To the south of the foundry was the gas works  This was built in 1832, a relatively early date for a small town works.  It used the canal both to receive fuel and to dispatch the tar by-products.

Opposite the gas works was the coal wharf.

The junction with the main line

On the east side of the canal arm, just to the north of the footbridge, was a boat-building yard.
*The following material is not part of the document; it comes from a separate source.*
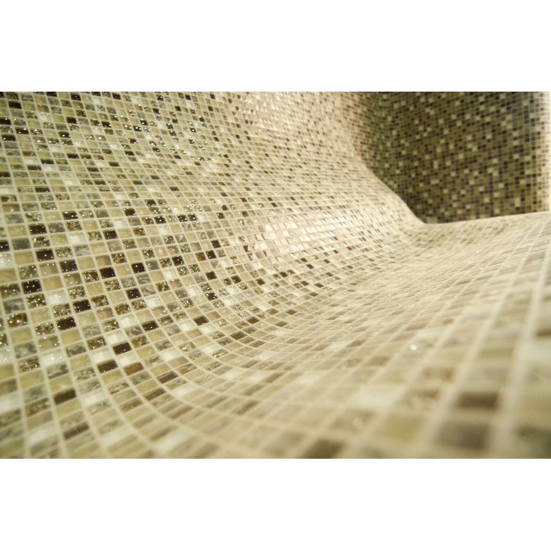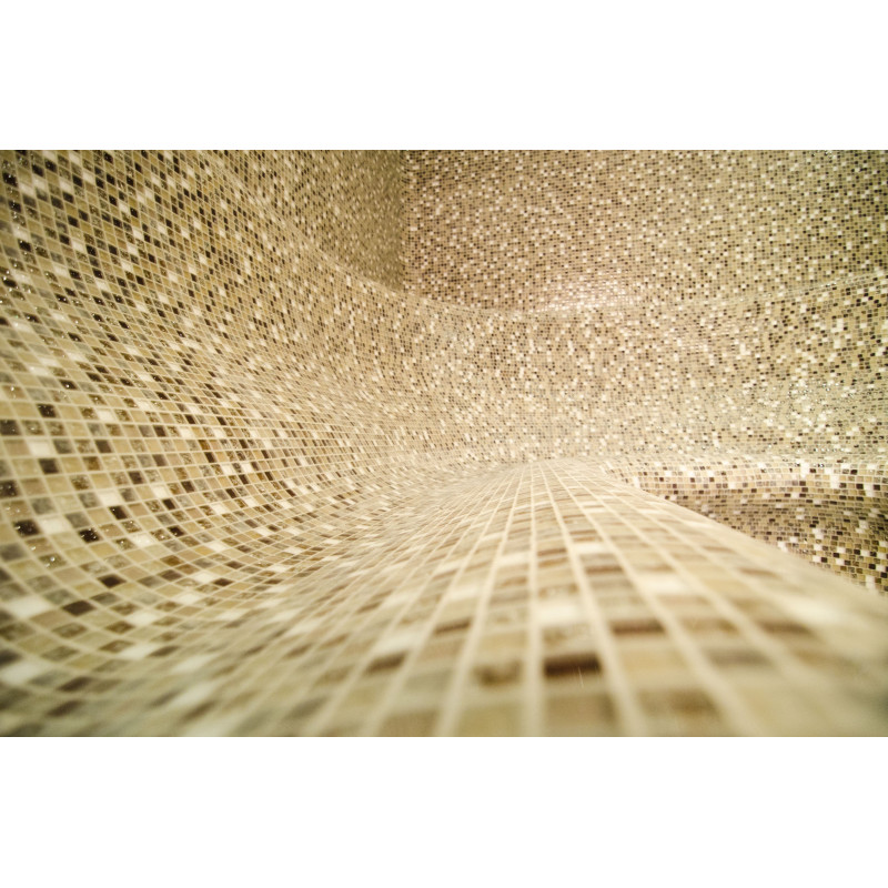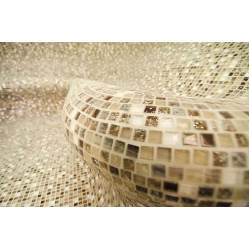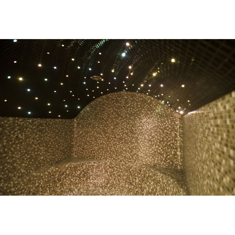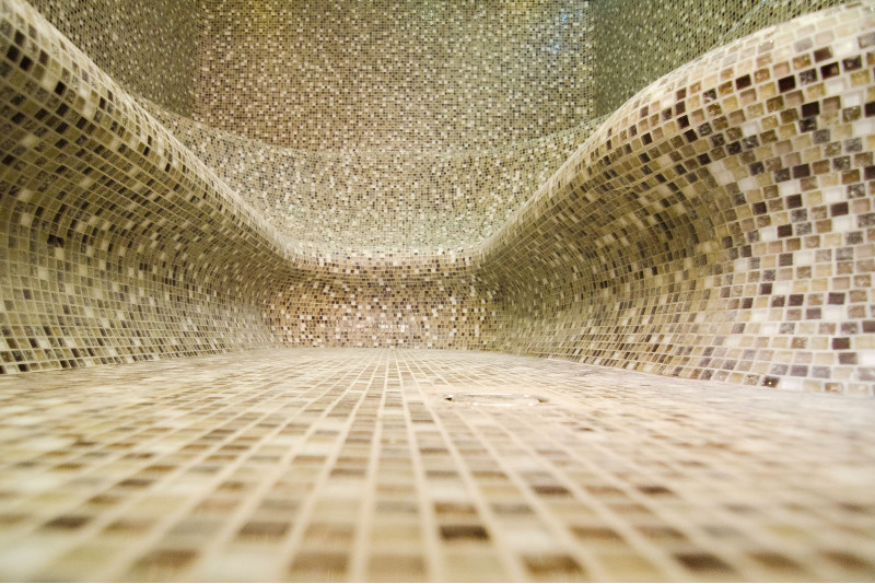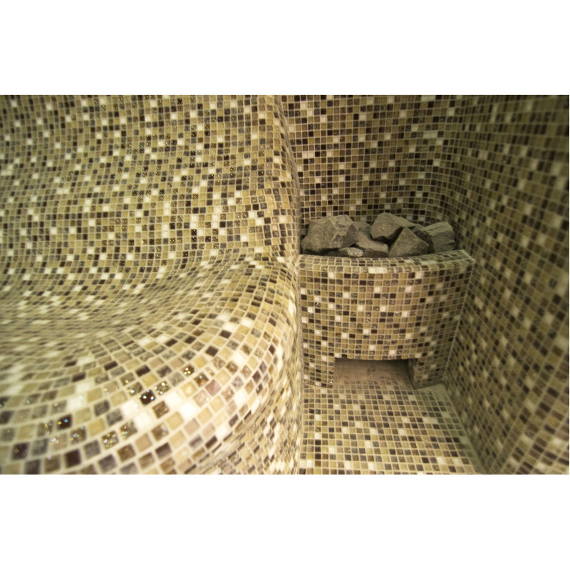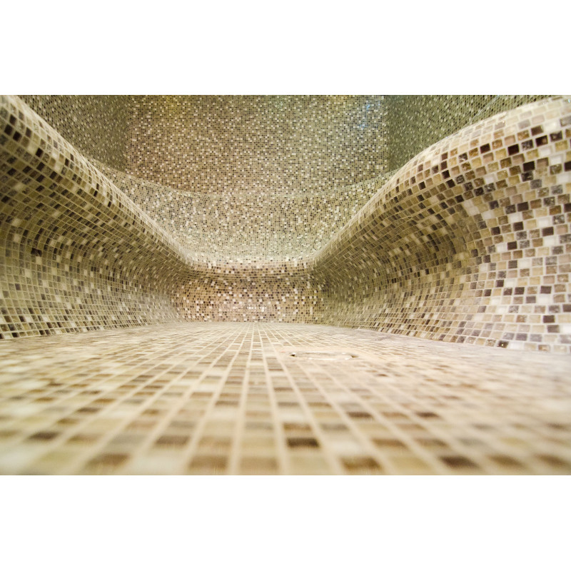 Вратите от закалено стъкло, устойчиви на влага и температурни колебания, което е особено важно при парните бани. Каса на вратата - бежов мрамор.

A tragic accident happened at the footbridge on 9 October 1858.  The servant girl (unnamed in the press article) of James Ralph, landlord of the Eagle Inn, had taken out his two children, a boy and a girl, in a carriage for an airing.  In returning over the bridge, the little boy’s hat blew off and rolled onto the towpath.  The servant girl followed, drawing the carriage after her down the steep incline.  When nearly at the bottom she left it in what she thought was a safe position whilst she went for the hat.  Unfortunately, the movement of the children started the carriage moving, and before she could get back to it, it had rolled into the water.  She rescued the boy but Ann, the 21-month old girl, drowned.

Ellesmere Office & Depot

The depot can be viewed from the towpath opposite.  It is open to the public only on special occasions, such as the Heritage Open Days each autumn.
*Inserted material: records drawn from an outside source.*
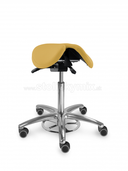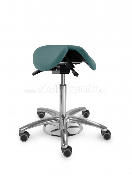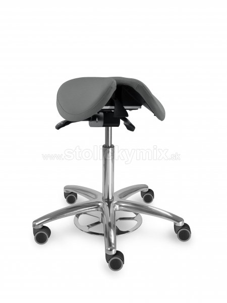 Zdravotnícka otočná vyšetrovacia stolička s veľkým tvarovaným nastaviteľným deleným sedákom typu "sedlo". Ergonomické stabilné sedenie s možnosťou náklonu sedáku dopredu 0-11 stupňov alebo dozadu 0-7 stupňov. Mimoriadne vhodný model na pracoviská kde je z hľadiska hygieny potrebné nastaviť výšku sedu nohou, ľahká údržba stoličky.
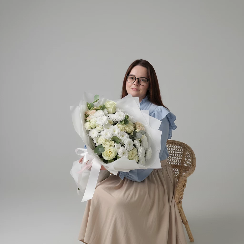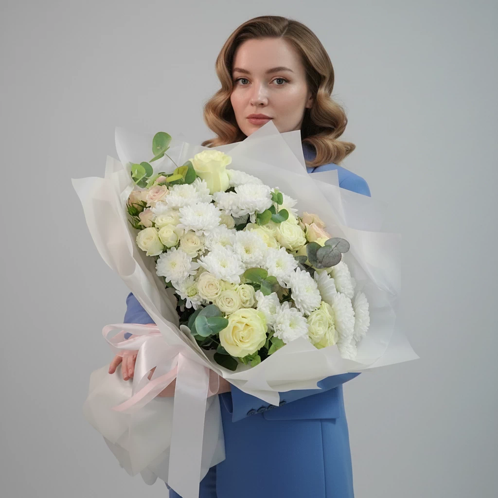 Основой стала кустовая белая хризантема «Алтай» — на данный момент мы работаем именно с этим сортом. Она ценится за ажурную текстуру, нежность, объёмные кусты и отличную стойкость. В композицию добавили кустовую розу двух оттенков (белую и кремовую) в двух формах: стандартной и пионовидной. Акцентными цветами стали одноголовые белые розы «Мондиаль».
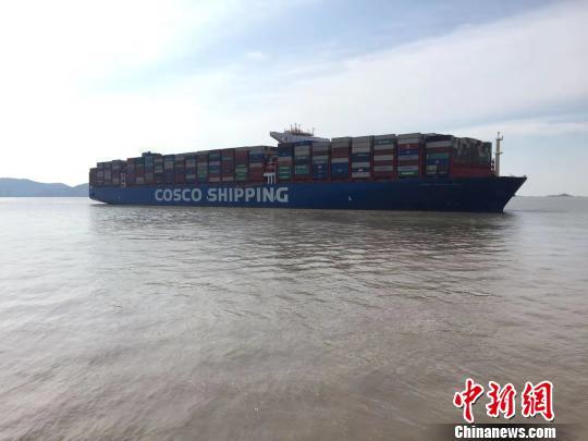 Le navire ? Tianshengzuo ? de COSCO, transportant des conteneurs entiers de marchandises destinées à la CIIE, arrive dans le port de Yangshan à Shanghai. (Photo Zhou Xiaodong)

The canal office (later known as Beech House) was built in 1805–6 as the administrative headquarters of the Ellesmere Canal Company, the committee room being in the semi-circular wing at the end of the building.  There were rooms for the accounting records and for the plans, and apartments for the General Accountant and the Resident Engineer.  The various canal companies merged to form the Shropshire Union in 1846; the following year the main administrative offices were moved from Ellesmere to Chester.

Ellesmere Depot is a rare survival of an early 19th century work­shop complex, extended in the middle of the century.  Thomas Telford’s report in 1806 recommended:

At Ellesmere, adjacent to the Canal Office, a yard must be inclosed, in which there must be a carpenter’s house and workshop, also a bricklayer’s house and store room.  In this yard there must be provided spare lock gates, stop gates and let offs, also separate pieces of each.    There must likewise be a weighing house in this yard, over which may be a store room.

The depot is still in active use today, though lock gates and other large items are now made elsewhere.  One room includes wooden patterns for ironwork, many of the patterns being over 100 years old.